PROBLEM TO SOLVE: Find the line with "町田市鶴川にサロンを持つ「a" in the entries below, then reproduce it and every line after it down to and including the line with "EGO High Waist", exactly.

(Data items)
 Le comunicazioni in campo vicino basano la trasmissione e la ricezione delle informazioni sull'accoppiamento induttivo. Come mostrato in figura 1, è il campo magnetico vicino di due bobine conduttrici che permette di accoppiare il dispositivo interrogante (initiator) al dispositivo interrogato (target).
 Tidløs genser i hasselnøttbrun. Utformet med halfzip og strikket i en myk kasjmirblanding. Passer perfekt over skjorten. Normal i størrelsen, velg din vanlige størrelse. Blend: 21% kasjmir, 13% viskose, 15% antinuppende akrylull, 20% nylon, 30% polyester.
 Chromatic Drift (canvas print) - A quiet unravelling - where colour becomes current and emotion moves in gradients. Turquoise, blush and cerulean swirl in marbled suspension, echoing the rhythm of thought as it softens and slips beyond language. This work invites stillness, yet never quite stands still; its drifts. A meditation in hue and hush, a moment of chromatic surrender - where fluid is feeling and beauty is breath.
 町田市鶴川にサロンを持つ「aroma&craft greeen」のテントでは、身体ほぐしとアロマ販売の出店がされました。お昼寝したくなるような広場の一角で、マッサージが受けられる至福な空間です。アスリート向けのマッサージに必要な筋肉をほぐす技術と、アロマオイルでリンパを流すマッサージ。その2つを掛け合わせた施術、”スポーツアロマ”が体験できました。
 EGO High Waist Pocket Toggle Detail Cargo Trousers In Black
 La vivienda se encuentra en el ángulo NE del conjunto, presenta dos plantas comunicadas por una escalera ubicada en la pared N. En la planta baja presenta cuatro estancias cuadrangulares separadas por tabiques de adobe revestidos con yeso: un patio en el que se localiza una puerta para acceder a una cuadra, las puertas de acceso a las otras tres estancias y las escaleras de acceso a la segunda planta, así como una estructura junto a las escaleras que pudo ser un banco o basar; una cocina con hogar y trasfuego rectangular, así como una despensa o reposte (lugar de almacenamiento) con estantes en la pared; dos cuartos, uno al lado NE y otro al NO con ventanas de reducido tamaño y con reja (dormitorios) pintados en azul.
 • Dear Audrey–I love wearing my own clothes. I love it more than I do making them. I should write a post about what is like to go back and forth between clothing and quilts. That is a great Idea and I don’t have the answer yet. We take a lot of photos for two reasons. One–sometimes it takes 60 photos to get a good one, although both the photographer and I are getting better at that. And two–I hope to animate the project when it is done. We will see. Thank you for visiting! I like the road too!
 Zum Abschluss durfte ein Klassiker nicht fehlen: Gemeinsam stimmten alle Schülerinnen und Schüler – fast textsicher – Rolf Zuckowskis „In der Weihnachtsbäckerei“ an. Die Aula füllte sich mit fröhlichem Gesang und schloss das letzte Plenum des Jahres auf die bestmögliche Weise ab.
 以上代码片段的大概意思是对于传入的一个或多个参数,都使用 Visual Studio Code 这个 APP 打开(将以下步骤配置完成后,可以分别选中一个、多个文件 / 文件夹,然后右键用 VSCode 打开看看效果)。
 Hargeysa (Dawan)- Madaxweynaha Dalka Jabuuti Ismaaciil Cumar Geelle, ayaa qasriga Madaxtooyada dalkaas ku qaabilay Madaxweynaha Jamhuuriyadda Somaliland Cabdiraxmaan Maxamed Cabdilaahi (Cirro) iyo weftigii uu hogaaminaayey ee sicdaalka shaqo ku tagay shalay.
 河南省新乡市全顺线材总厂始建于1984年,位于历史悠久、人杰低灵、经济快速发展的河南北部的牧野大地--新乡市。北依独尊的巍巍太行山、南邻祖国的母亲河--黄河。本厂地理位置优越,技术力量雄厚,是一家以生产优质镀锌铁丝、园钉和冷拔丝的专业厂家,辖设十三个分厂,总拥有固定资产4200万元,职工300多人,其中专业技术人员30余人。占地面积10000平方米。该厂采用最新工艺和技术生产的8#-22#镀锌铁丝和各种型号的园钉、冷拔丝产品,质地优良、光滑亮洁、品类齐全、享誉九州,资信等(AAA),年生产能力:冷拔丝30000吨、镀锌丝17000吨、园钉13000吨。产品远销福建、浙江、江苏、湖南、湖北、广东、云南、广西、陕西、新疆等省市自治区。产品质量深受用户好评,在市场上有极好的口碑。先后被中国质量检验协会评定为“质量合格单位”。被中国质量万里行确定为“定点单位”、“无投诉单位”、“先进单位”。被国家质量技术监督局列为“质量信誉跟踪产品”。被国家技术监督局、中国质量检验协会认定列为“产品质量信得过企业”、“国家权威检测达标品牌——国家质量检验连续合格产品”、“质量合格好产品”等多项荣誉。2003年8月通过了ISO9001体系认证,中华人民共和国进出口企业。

COMPLETED EXERCISE:
 町田市鶴川にサロンを持つ「aroma&craft greeen」のテントでは、身体ほぐしとアロマ販売の出店がされました。お昼寝したくなるような広場の一角で、マッサージが受けられる至福な空間です。アスリート向けのマッサージに必要な筋肉をほぐす技術と、アロマオイルでリンパを流すマッサージ。その2つを掛け合わせた施術、”スポーツアロマ”が体験できました。
 EGO High Waist Pocket Toggle Detail Cargo Trousers In Black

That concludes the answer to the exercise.